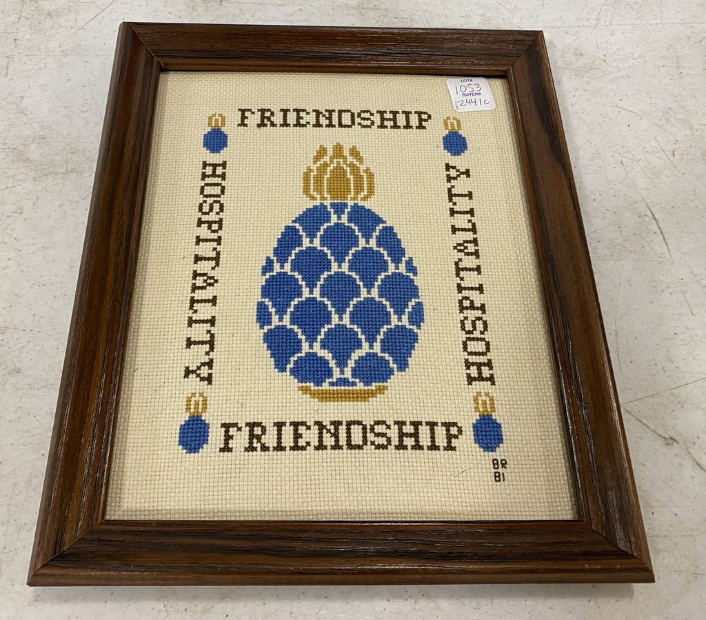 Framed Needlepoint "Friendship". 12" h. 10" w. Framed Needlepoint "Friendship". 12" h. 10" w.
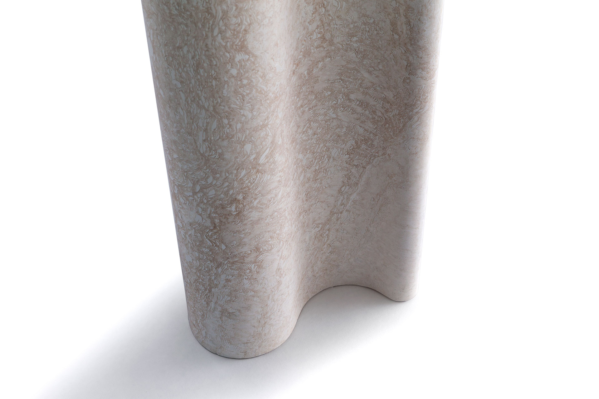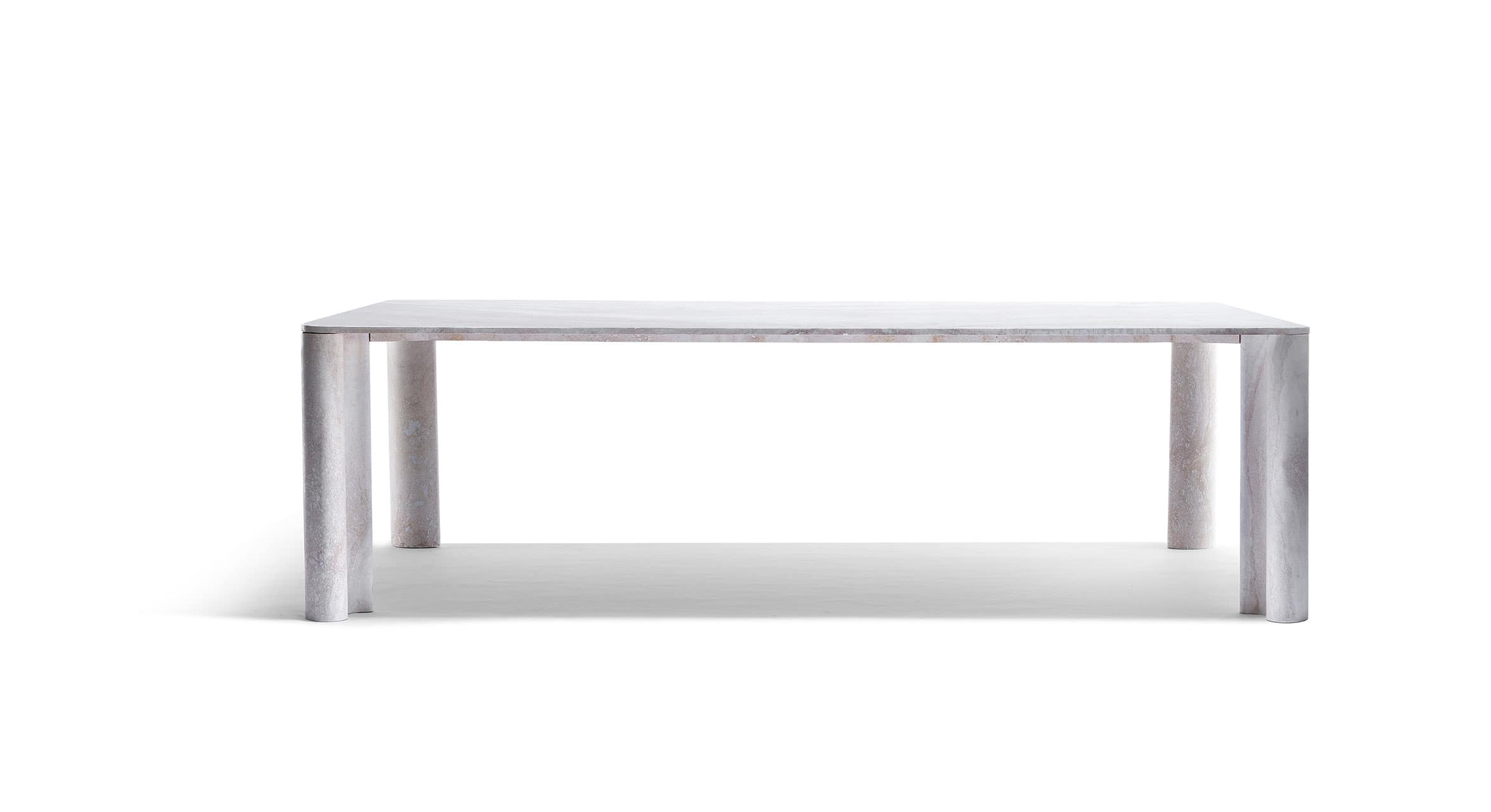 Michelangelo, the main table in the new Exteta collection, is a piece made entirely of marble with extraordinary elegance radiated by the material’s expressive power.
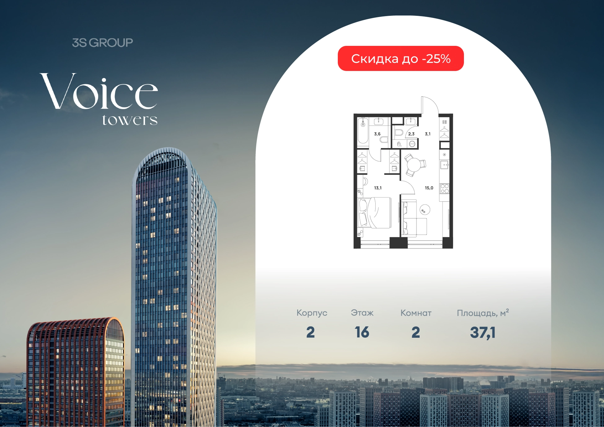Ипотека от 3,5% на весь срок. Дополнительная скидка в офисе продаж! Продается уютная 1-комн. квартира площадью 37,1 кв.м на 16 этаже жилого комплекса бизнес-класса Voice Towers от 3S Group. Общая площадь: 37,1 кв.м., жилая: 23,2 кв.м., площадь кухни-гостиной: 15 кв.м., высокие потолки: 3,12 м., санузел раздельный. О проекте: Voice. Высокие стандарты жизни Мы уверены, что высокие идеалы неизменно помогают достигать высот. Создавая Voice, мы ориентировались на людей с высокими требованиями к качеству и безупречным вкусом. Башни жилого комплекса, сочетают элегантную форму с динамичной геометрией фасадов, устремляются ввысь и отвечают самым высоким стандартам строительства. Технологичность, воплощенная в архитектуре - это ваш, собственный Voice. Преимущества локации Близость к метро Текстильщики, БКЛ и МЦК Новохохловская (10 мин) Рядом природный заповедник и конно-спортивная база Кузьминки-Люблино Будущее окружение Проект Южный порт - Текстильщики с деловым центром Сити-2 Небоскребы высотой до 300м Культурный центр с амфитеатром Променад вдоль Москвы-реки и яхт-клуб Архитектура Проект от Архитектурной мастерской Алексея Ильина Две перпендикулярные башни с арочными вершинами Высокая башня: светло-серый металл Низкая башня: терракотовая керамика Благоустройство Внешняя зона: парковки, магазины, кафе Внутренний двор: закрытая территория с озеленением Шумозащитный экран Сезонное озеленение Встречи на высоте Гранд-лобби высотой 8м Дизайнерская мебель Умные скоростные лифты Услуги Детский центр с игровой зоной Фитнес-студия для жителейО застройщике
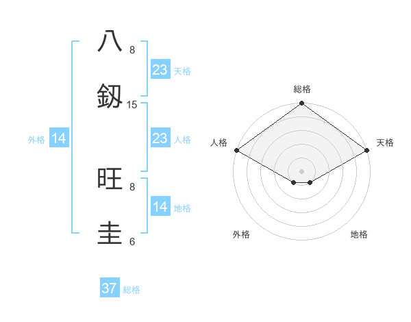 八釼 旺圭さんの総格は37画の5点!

· · ·

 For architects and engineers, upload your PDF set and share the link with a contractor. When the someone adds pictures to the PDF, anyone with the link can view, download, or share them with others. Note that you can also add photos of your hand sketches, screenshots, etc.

· · ·

Of all the material above, only the lines from the one that has "w. Framed Needlepoint" down to the one that has "Michelangelo, the main" are to be written out, exactly and with both ends included. Pictures are skipped.

 Framed Needlepoint "Friendship". 12" h. 10" w. Framed Needlepoint "Friendship". 12" h. 10" w.
 Michelangelo, the main table in the new Exteta collection, is a piece made entirely of marble with extraordinary elegance radiated by the material’s expressive power.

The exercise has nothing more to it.